Member of the Parliament of Georgia
- Incumbent
- Assumed office 25 November 2024

Personal details
- Born: 19 October 1987 (age 38)
- Party: Georgian Dream-Democratic Georgia
- Alma mater: Tbilisi State University

= Levan Makhashvili =

Georgian academic and politician

Levan Makhashvili (ლევან მახაშვილი; born 19 October 1987) is a Georgian academic and politician, currently serving as a Member of the Parliament of Georgia. He is a member of the political party Georgian Dream-Democratic Georgia and sits with the Georgian Dream faction.
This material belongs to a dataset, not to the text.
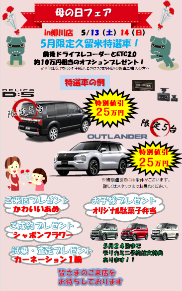 九州三菱自動車販売株式会社 柳川店からのお知らせ

== Early life and education ==
Levan Makhashvili graduated from Ivane Javakhishvili Tbilisi State University in 2009 with a degree in International Relations. He continued his studies abroad, earning a degree in European Studies from Maastricht University in the Netherlands in 2011. He later graduated from Tbilisi Open University in 2013. In 2019, he received a Doctor of European Studies degree from Tbilisi State University.

== Career ==

=== Academic career ===
From 2011 to 2018, he was an invited lecturer at the Institute of European Studies of Tbilisi State University. He has also served as an invited lecturer at the Black Sea University (2016–2020). Since 2020, he has held the position of Associate Professor at European University. Concurrently, at East European University, he serves as the co-head of the international relations undergraduate program and as an associate professor (2020–present). In 2024, he became a guest lecturer at the Institute of European Studies of Tbilisi State University.

=== Political career ===
Between 2011 and 2014 served as an Adviser and Senior Witness and Victim Coordinator in the Analytical Unit of the General Prosecutor's Office under the Ministry of Justice of Georgia. Later, he joined the Ministry of Foreign Affairs, where from 2014 to 2017 he held the position of Counselor and Desk Officer for the U.S. & Canada within the U.S.-Canada Division.

In 2024, Levan Makhashvili was elected to the Parliament of Georgia. He represents the ruling Georgian Dream-Democratic Georgia party and is a member of the parliamentary faction Georgian Dream. Since 2024, he has served as the chairperson of the Committee on European Integration. He is currently a member of the Foreign Relations Committee in the Parliament of Georgia.